Fakta ilmiah ini menjadi dasar penting bagi Fatwa MUI yang menyatakan bahwa kepiting adalah halal untuk dikonsumsi, karena termasuk kategori hewan laut.

Dalil Kepiting Halal

Dalam Islam, hukum kehalalan makanan laut memiliki dasar kuat dari Al-Qur’an dan Hadis. Allah SWT berfirman:

“Dihalalkan bagi kamu binatang buruan laut dan makanan (yang berasal) dari laut sebagai makanan yang lezat bagimu…” (QS. Al-Ma’idah: 96)

Nabi Muhammad SAW juga pernah bersabda tentang air laut:

“Laut itu airnya suci dan bangkainya halal.” (HR. Abu Dawud, Tirmidzi, dan lainnya)

Berdasarkan dalil ini, para ulama banyak yang berpendapat bahwa semua hewan yang hidup di laut halal dikonsumsi, kecuali jika ada dalil khusus yang mengharamkannya atau ada unsur membahayakan.

Namun, pertanyaan muncul ketika hewan laut itu memiliki sifat tertentu—misalnya bertaring atau buas. “Kita tahu Nabi Muhammad SAW mengharamkan hewan bertaring, seperti kucing,” kata KH. Faiz. “Tapi, untuk hewan laut seperti hiu atau paus yang bertaring dan bahkan berbahaya, mereka tetap dihukumi halal karena sifat kelautan-nya mengalahkan sifat bertaringnya.”

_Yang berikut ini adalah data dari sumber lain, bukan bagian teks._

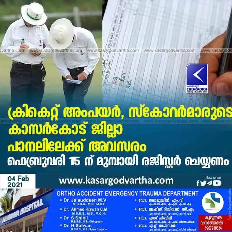 Key words: Kasaragod, News, Local, Cricket, Umpire, Score, Association, Training, Test, Registration, Opportunity for Kasaragod District Panel of Cricket Umpires and Scorers; register before February 15.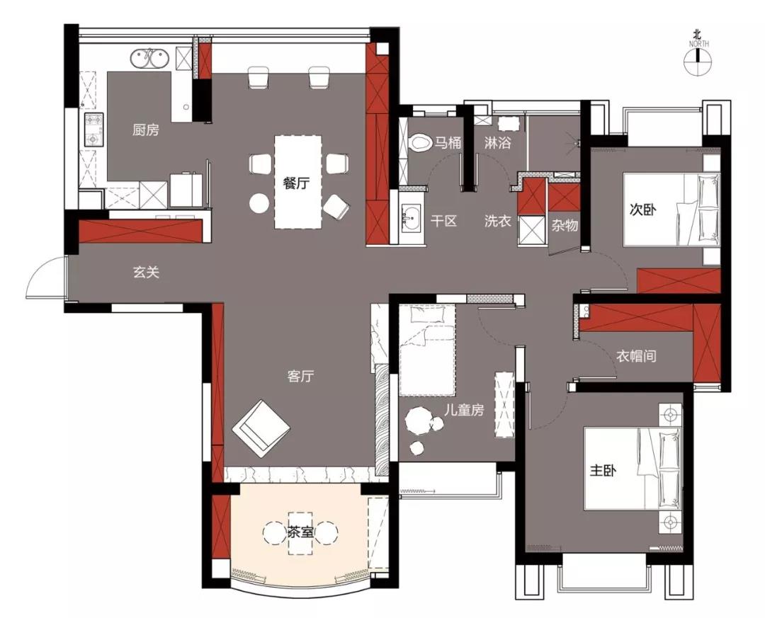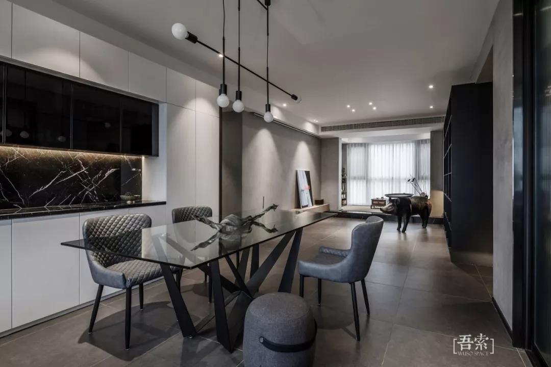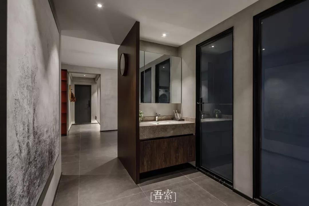 每一个空间对于我们生活它真正是用来做什么的,思考每一平米要用来做什么而不是先入为主的设定了若干功能之后再把每个功能细化,一切设计的初衷应该回到最原始的目的,空间是为我们更好的服务。 首先 阳台被打通扩进客厅作为一个整体空间,利用地台高差的方式让阳台成为一个独立的茶室空间,他是距离阳光最近的地方,我想让阳光离我们的居室更近,席地而坐,一茶一书,虽身处高室,四季却清晰的触手可及。利用客餐厅的面积设计了一个大长桌,解决我们经常在家里使用电脑的需要,那为什么还需要一个书房呢?真正意义上的四分离卫浴设计,盥洗,如厕,淋浴,洗衣干衣完全是独立互不干扰的空间,那卫生么还需要另一个卫生间?也让主卫改造成的衣帽间成为可能,一台烘干机也让阳台升华成更能满足我需求的区域。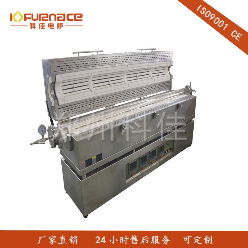 This KJ-T1200-IV Four Zone Stainless steel tube furnace is mainly used for sintering, coating, Nanotube study, soldering, annealing, melting, analyzing of metal and non-metal materials in both vacuum condition and atmosphere condition in laboratories and enterprises.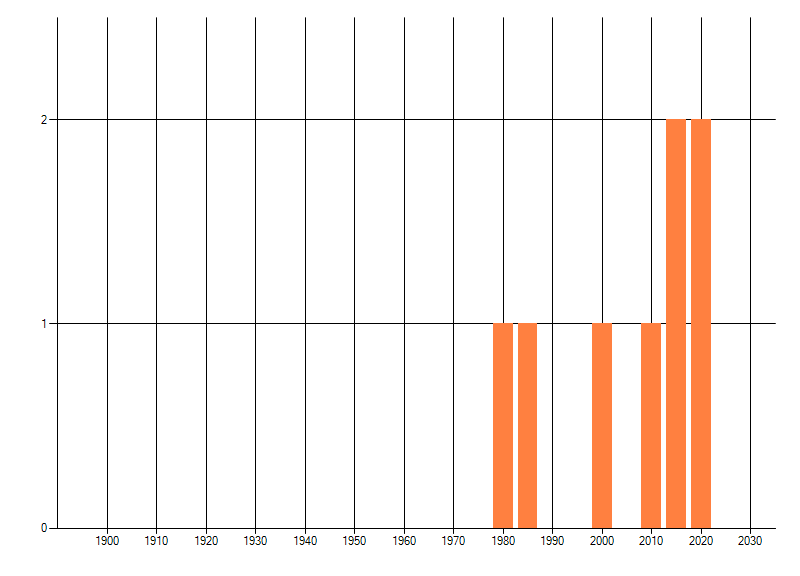 Het aantal atlasblokken (5x5 km) waarin de soort is gemeld binnen een periode van vijf jaar (vanaf 1980) of twintig jaar. Niet gecorrigeerd voor waarnemersinspanning en het aantal doorgegeven waarnemingen kan sterk variëren per periode, dus een trend in verspreiding kan hier niet direct uit worden afgelezen. Het opgegeven jaartal is het eerste jaar van de periode. Bron: gevalideerde waarnemingen uit de NDFF.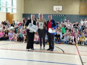 Martin Langner (Fachberater Schulsport beim Regionalen Landesamt für Schule und Bildung für den Landkreis Northeim) überreichte Anja Lachmann (Schulleitung) und Daniela Gebel (Fachkonferenzleitung Sport) die Urkunde und das Schild „Sportfreundliche Schule“.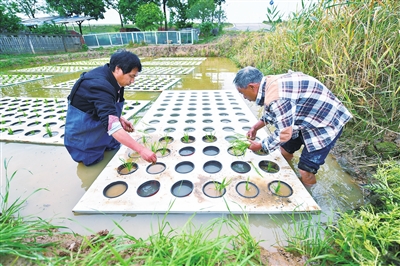 ■近年来,在湖南省长沙市望城区高塘岭街道湘江村,当地农民利用“水上种植”技术,在池塘的水面上进行水稻、蔬菜、花卉种植,使鱼虾与水稻、蔬菜、花卉共生互补,通过“一水两用、一水两收”,实现资源和空间的充分利用,助力农民增产增收。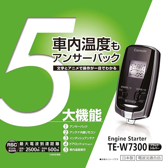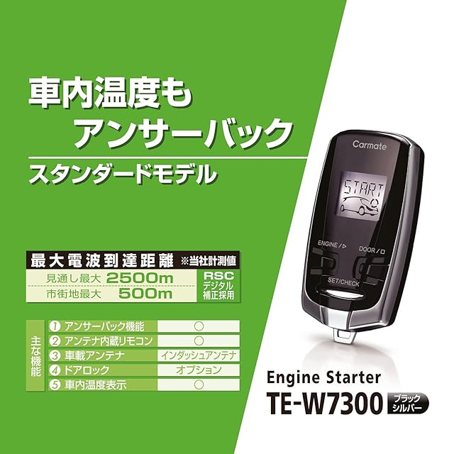 カーメイト(Carmate) エアコンスターター エンジンスターター キーシリンダー・スタートノブ車用 スタンダードモデル 最大電波到達見通し距離2,500m アンテナ内蔵液晶リモコン アンサーバック 乗車前エアコン ・ ヒーターの稼働 猛暑 雪 霜取 お取り付けには車種別ハーネスやオプションが必要です TE-W7300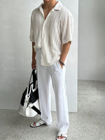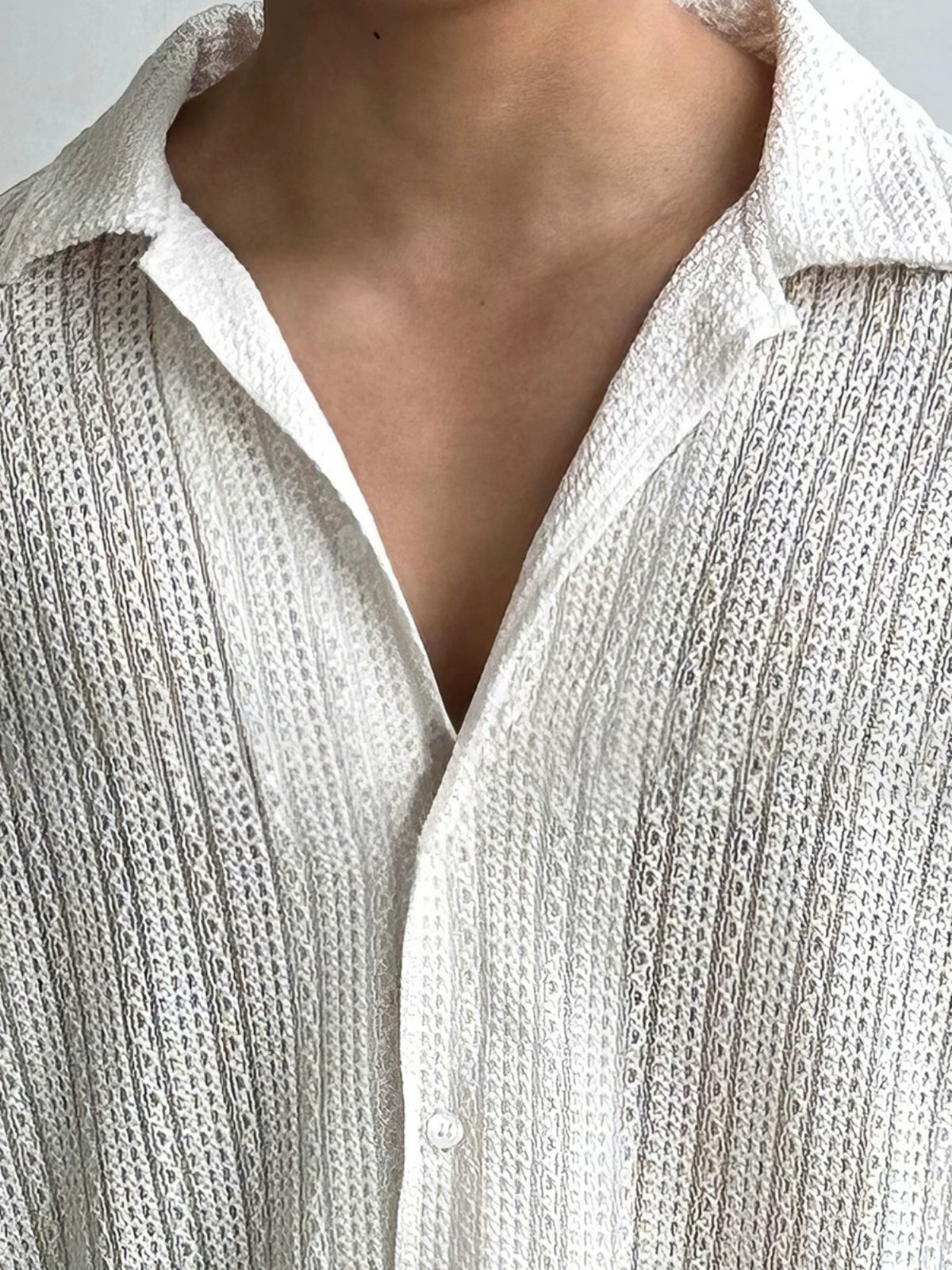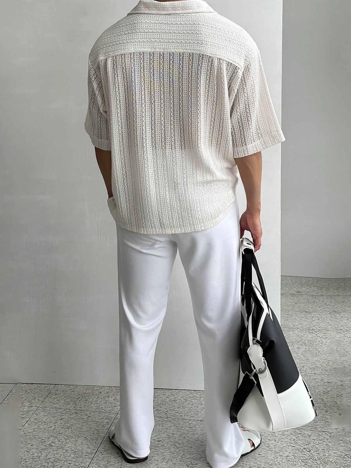 ハロウ ジャカード ニット ラペル ショートスリーブ シャツ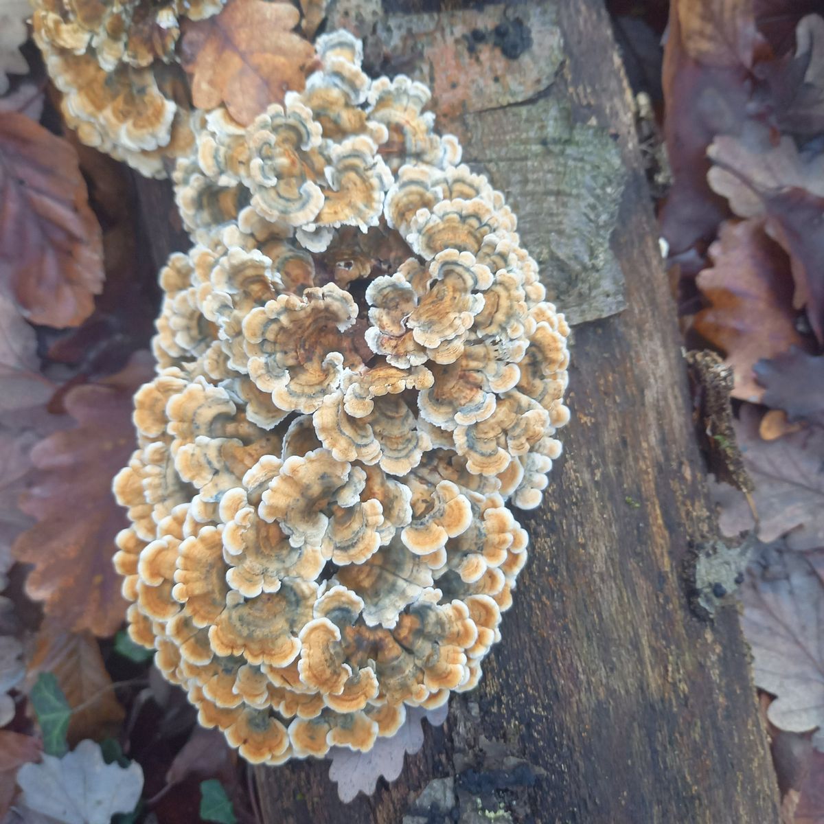 Zugegebenermaßen sind die nachfolgenden Informationen mehr als dürftig. Vielleicht hat aber doch jemand eine Idee, um was es sich handeln könnte. Mein Optimismus erklärt sich aus dem Vorhandensein der hellblauen Farbe auf dem Fruchtkörper. Die Fruchtkörper, die ich Mitte Dezember im Kottenforst bei Bonn gefunden habe, wuchsen auf einem abgebrochenen Buchenast (Durchmesser geschätzt 15 cm). Sie waren bis zu ca. 5 cm breit und sehr dünn, flexibel und leicht einzureissen. Das Hymenium war weiss und lamellenartig bis dädaloid. Ich habe nur das eine Foto gemacht, weil mit das Motiv so gut gefiel. Als ich zwei Wochen später mir ein paar Proben zum Mikroskopieren holen wollte, war die Pracht komplett verschwunden.
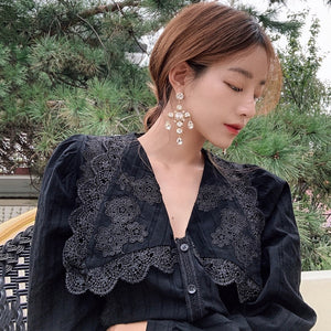 Korean Chic Autumn Vintage Peter Pan Collar Blusa Mujer Lace Stitching Loose Puff Sleeve Blouse Women Elegant Office Lady Shirts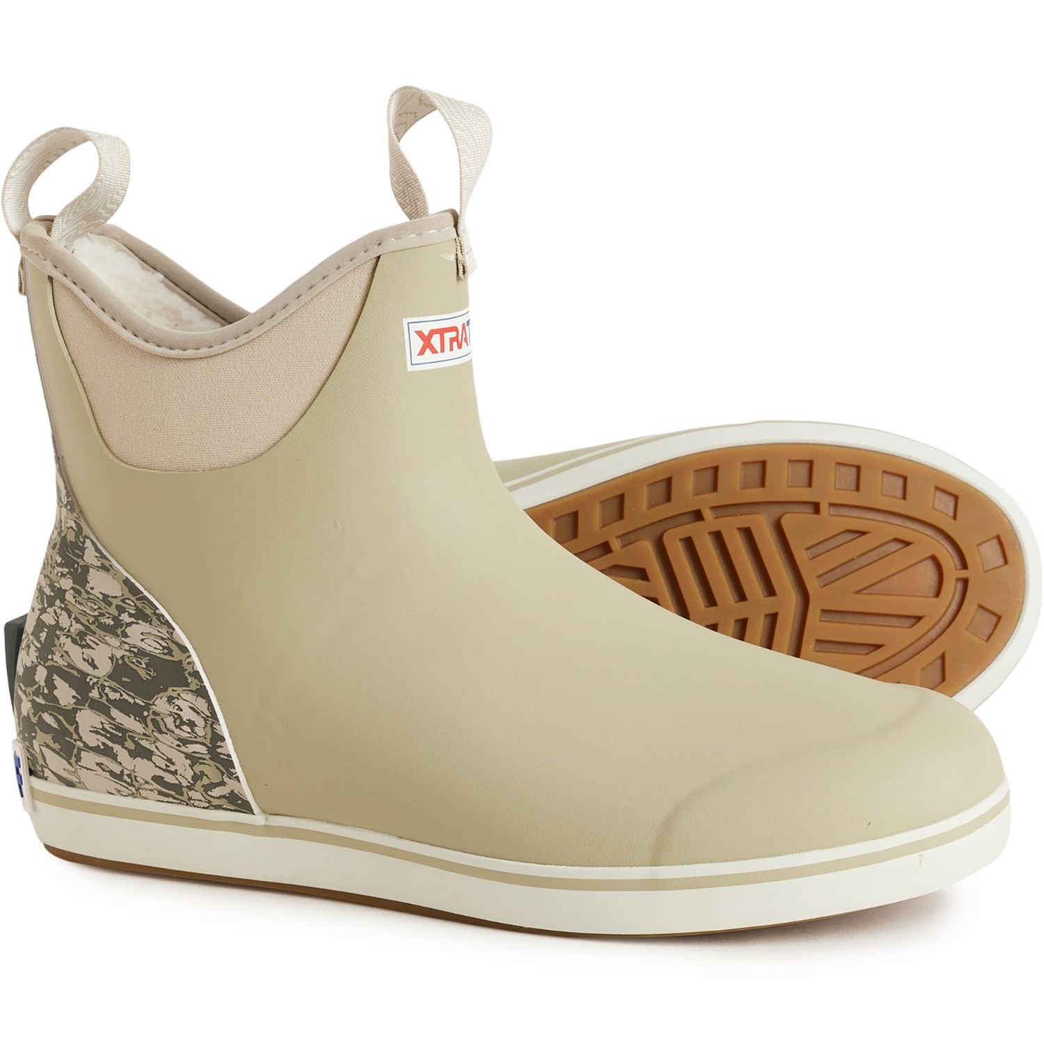 Closeout. From the deck to the shore, you'll step confidently with these XTRATUF Trolling Pack ankle deck boots thanks to their waterproof construction, cozy Sherpa fleece lining, high-rebound footbed and grippy slip-resistant outsole.
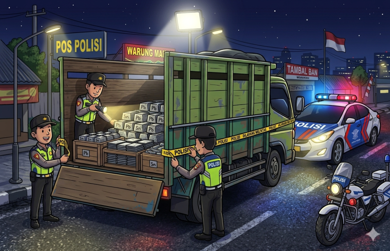 Terbukti, Rabu (1/4/2026) malam lalu, Tim Tipidter Satreskrim Polresta Pangkalpinang berhasil mengamankan sebuah truk A 95xx B yang membawa 12 bag berisi lempengan timah balok.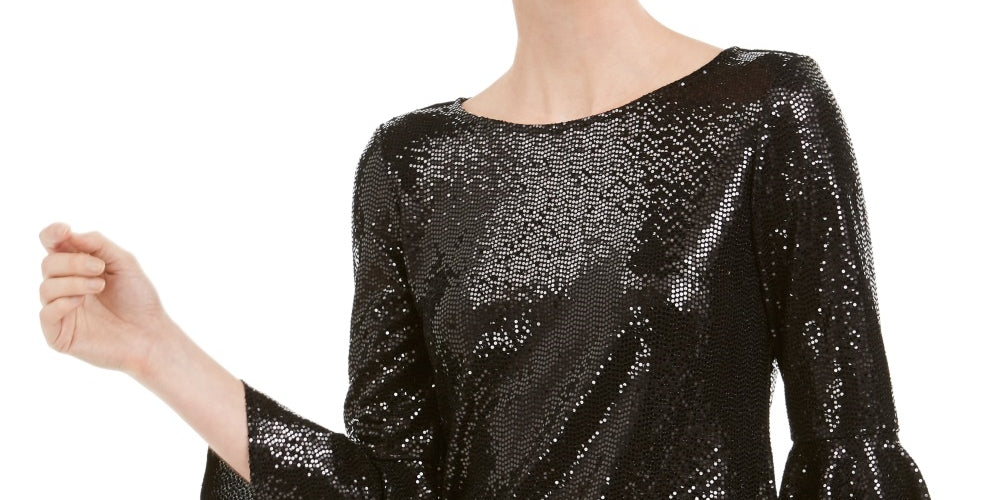 MSK Women's Mirror-Dot Bell-Sleeve Top Black Size X-Large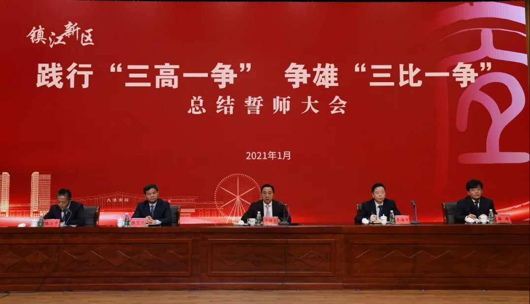 1月14日下午,镇江新区举行践行“三高一争”、争雄“三比一争”总结誓师大会。市委书记马明龙出席并讲话,强调新区是一块干事创业的“宝地”,要在“三比一争”之中,比出更强精气神、比出更强战斗力,以舍我其谁的气概,在“三高一争”新征程上勇立潮头、加速奔跑,跑在最前列。和记集团官网股份董事长曹正国先生出席活动。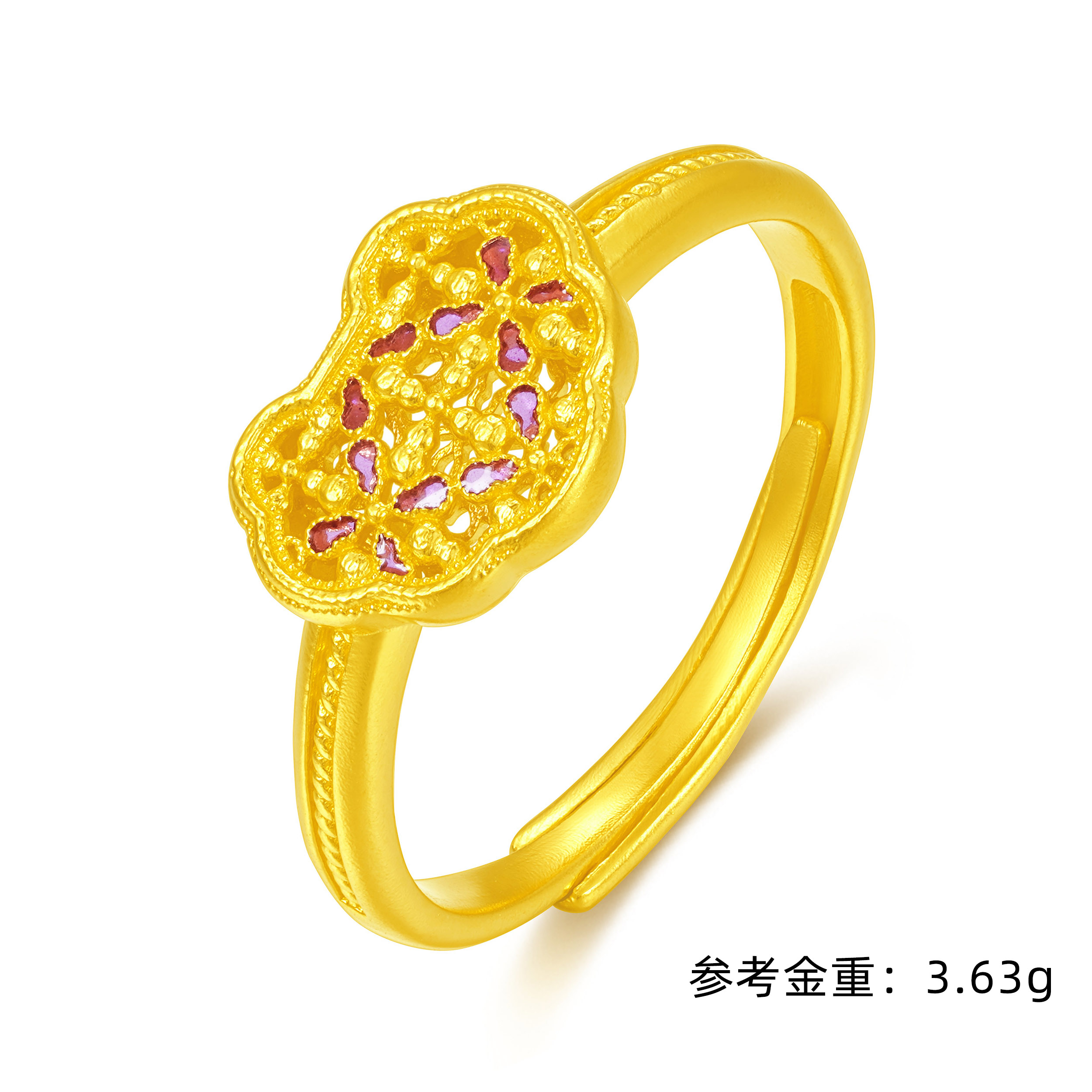 天官赐福古法空窗鎏彩福运层叠时尚开口戒

Dengan pendekatan yang sama, kepiting dinyatakan halal karena ia termasuk makhluk laut sejati, bukan makhluk darat, dan tidak ada dalil khusus yang melarangnya.

KH. Muhammad Faiz mengingatkan, “Ulama hanya bisa menetapkan hukum atas sesuatu yang telah jelas. Jika belum jelas, maka tugas kita adalah mencari kejelasan itu, dari mereka yang ahli di bidangnya.”